[Vol.26]大楠山ハイキング

[Vol.26]大楠山ハイキング

三浦半島最高峰の大楠山は、多くの生物が生息する自然豊かな山です。標高が241.3メートルと低山ではありますが、関東100名山の第100番目でもあり、作家の司馬遼太郎も「街道をゆく」で山頂からの眺望を記しています。今回は大楠山清流の前田川を歩きながら、山頂を目指してハイキングを楽しんできました。

● update 2016.9.9 ●
気温30度を超すこの季節、ひんやりと涼しい前田川を歩きながら、
大楠山のさわやかな風に吹かれよう、といつもの仲間と集まりました。
前田川遊歩道

「前田川遊歩道」の看板が目印。川では、親子の遊ぶ姿も見られました

清涼感ある前田川の沢歩きを楽しむ

久しぶりに山に登ってみない?という話になり、梅雨明けのタイミングを見計って三浦半島最高峰の大楠山に登ることにしました。
今回は、大楠山に登る5つのコースの中から、前田川の沢歩きが楽しめる「前田橋コース」を歩きます。


「前田橋」バス停で下車し、住宅地の中に少し入るとすぐに「前田川遊歩道」の看板が見えます。ここから階段を降り、前田川沿いに歩いて「大楠山登山口」を目指します。

前田川は、大楠山の沢の水や湧き水などが集って流れる清流で、自然環境が残された数少ない河川のひとつです。

川には多くの生物や植物が棲み、アユやスジエビなどの他にカワセミも生息しています。
木道や飛び石などが歩きやすいように整備されていて、魚が遡上しやすいように岩の段差を考慮した魚道が設けられているなど、環境への配慮がされています。

夏でもひんやりと涼しいために、散歩をしている方も多く、じゃぶじゃぶと川に入って生き物を探している親子連れを何組か見かけました。

連れてきた柴犬も大喜び。元気に飛び石を渡ります

連れてきた柴犬も大喜び。
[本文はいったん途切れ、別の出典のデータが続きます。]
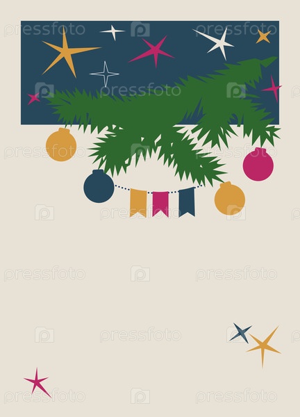 Векторная открытка с рождественской елкой, сосновыми шишками и гирляндой в винтажном стиле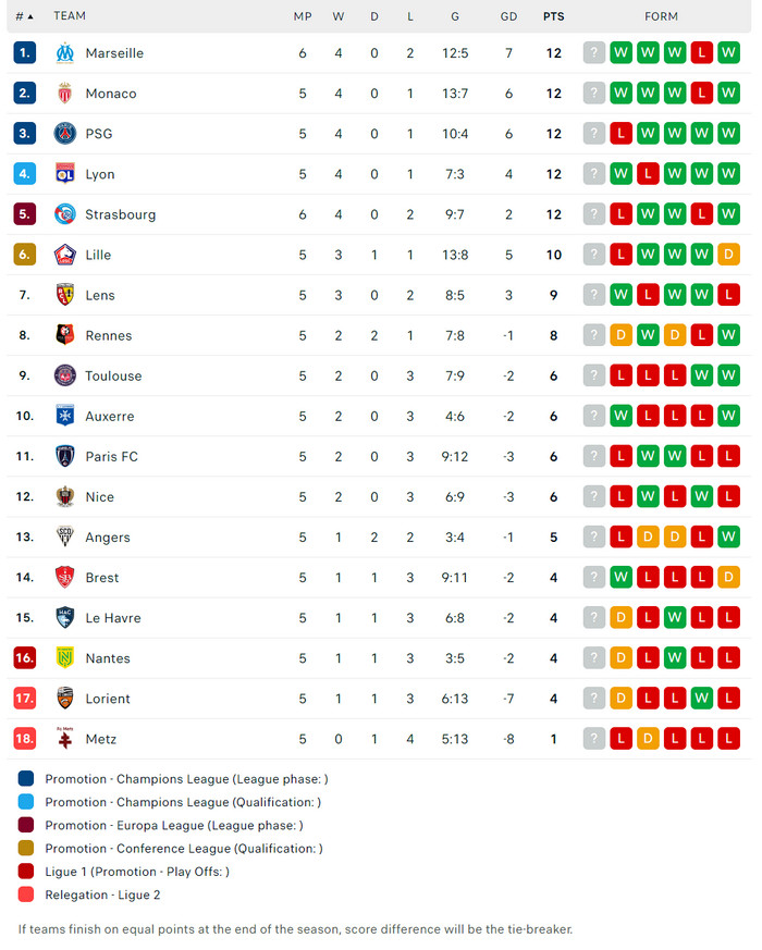 23/09/25 แพ้ มาร์กเซย์ 0-1 (เยือน) ลีก เอิง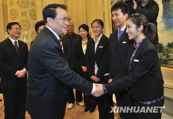 新华网 北京12月21日电 全国见义勇为舍己救人老员工英雄集体先进事迹报告会21日在北京人民大会堂举行。受胡锦涛总书记委托,报告会开始前,中共中央政治局常委李长春亲切看望老员工英雄集体代表和报告团成员,并向英勇牺牲的三位老员工烈士的亲属表示亲切慰问。李长春强调,要广泛深入宣传见义勇为舍己救人老员工英雄集体的先进事迹和崇高精神,引导全社会特别是广大青少年学习他们忠于祖国、热爱人民的赤子情怀,见义勇为、舍己救人的英雄气概,关爱他人、心系社会的优秀品德,众志成城、团结协作的集体主义精神,进一步弘扬社会正气、树立良好风尚,在全社会形成学习英雄、崇尚英雄、关爱英雄、争当英雄的浓厚氛围,使我们的时代成为英雄辈出的时代。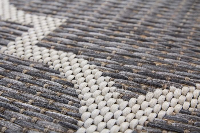The flat-pile rug in a braided look with a trendy design is an absolute trendsetter and adds Mediterranean accents to every living area. The design underlines any modern flair. The natural character has its own charm. The pastel blue colors of the flat pile rug blend visually seamlessly with its surroundings. The natural look gives new strength. With the special, flat-woven pile, this flat-pile rug with a sisal look is an all-rounder suitable for everyday use, which gives a wide range of home furnishings a matching touch and can also be laid out inside and out. The indoor/outdoor carpet can easily withstand high loads. The subtly graduated colors adapt to any environment. The carpet can be used as an eye-catcher in the living room or as a rug in the hallway as well as an eye-catcher on the terrace or balcony. The robust pile is in direct proportion to its geometric pattern and clearly underlines the strong character of this flat pile rug. The carpet is bordered all around by edging to prevent any fraying. Moisture has no chance. The advantages are obvious: inexpensive, ultra-modern, durable and easy to care for!

元気に飛び石を渡ります

歩き進めると景色が徐々に野趣あふれるようになり、山の中に入ってきたことが実感できます。
岩肌の苔の緑が美しく、せせらぎと鳥の鳴き声を聞きながら気持ちよく歩くことができました。

前田川は、大楠山の沢の水や湧き水などが集って流れる清流で、自然環境が残された数少ない河川のひとつです。 マイナスイオンたっぷりの前田川

マイナスイオンたっぷりの前田川

清流を堪能したらいよいよハイキングコースです。

清流を堪能したらいよいよハイキングコースです。


渓谷沿いの道から緑豊かな樹林帯へ

「前田川遊歩道」を30 分程歩くと「大楠山ハイキングコース」に入り、山道となります。
山の中に入ると、緑の色がより濃くなり、蝉の声が一段と賑やかになりました。

大楠山ハイキングコース

登山道は整備されていますが、土や岩肌があらわになりシダ植物が生い茂る秘境のような趣の場所もあります。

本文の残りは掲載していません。